• [Recorded data]
Content starts

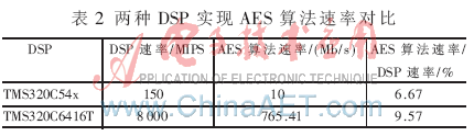 兩種處理器的架構(gòu)和處理速度是不同的,在軟件設計上會有不同的處理方法,若僅考慮DSP速率對算法速率的影響,本系統(tǒng)加密效率更高。另外,本測試僅考慮了AES加密算法代碼的指令開銷,實際中還要考慮DSP存取數(shù)據(jù)、中斷處理等其他任務。
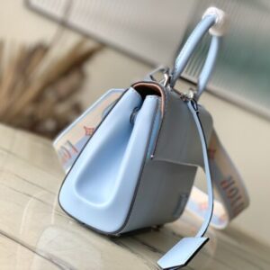 This Cluny mini handbag shows two styles of detachable jacquard shoulder strap: the Louis Vuitton logo declares the brand identity, and when turned over, the Monogram flower quietly blooms. Epi leather bag with silky resin LV logo. Detachable shoulder strap for a more formal look.
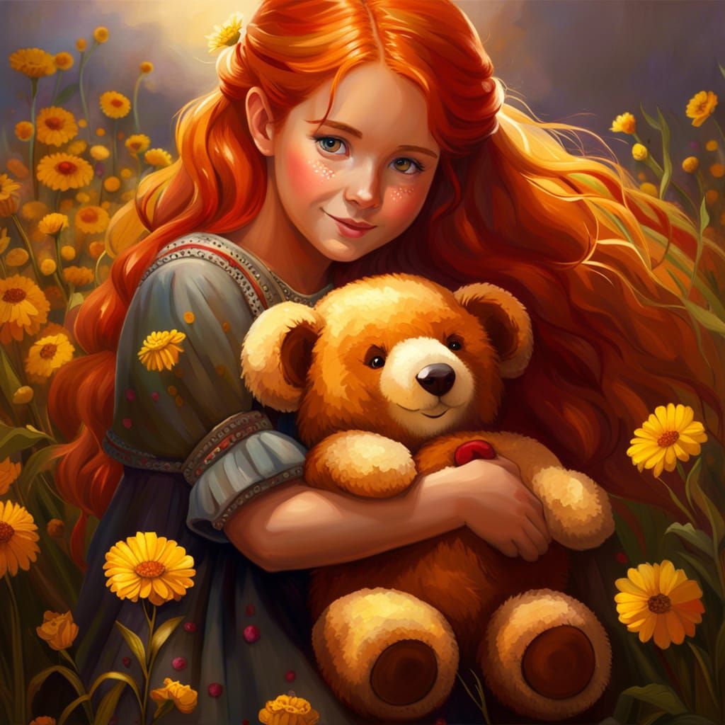 This image shows a red-haired girl embracing her teddy bear amidst a vibrant flower field. The scene is bathed in golden light, rendered as a dynamic oil painting.

Content ends

• [Action item] Could you transcribe exactly the lines running from the one with "This Cluny mini" to the final line of the material above, both included, with no pictures?

• [Result for this task]
 This Cluny mini handbag shows two styles of detachable jacquard shoulder strap: the Louis Vuitton logo declares the brand identity, and when turned over, the Monogram flower quietly blooms. Epi leather bag with silky resin LV logo. Detachable shoulder strap for a more formal look.
 This image shows a red-haired girl embracing her teddy bear amidst a vibrant flower field. The scene is bathed in golden light, rendered as a dynamic oil painting.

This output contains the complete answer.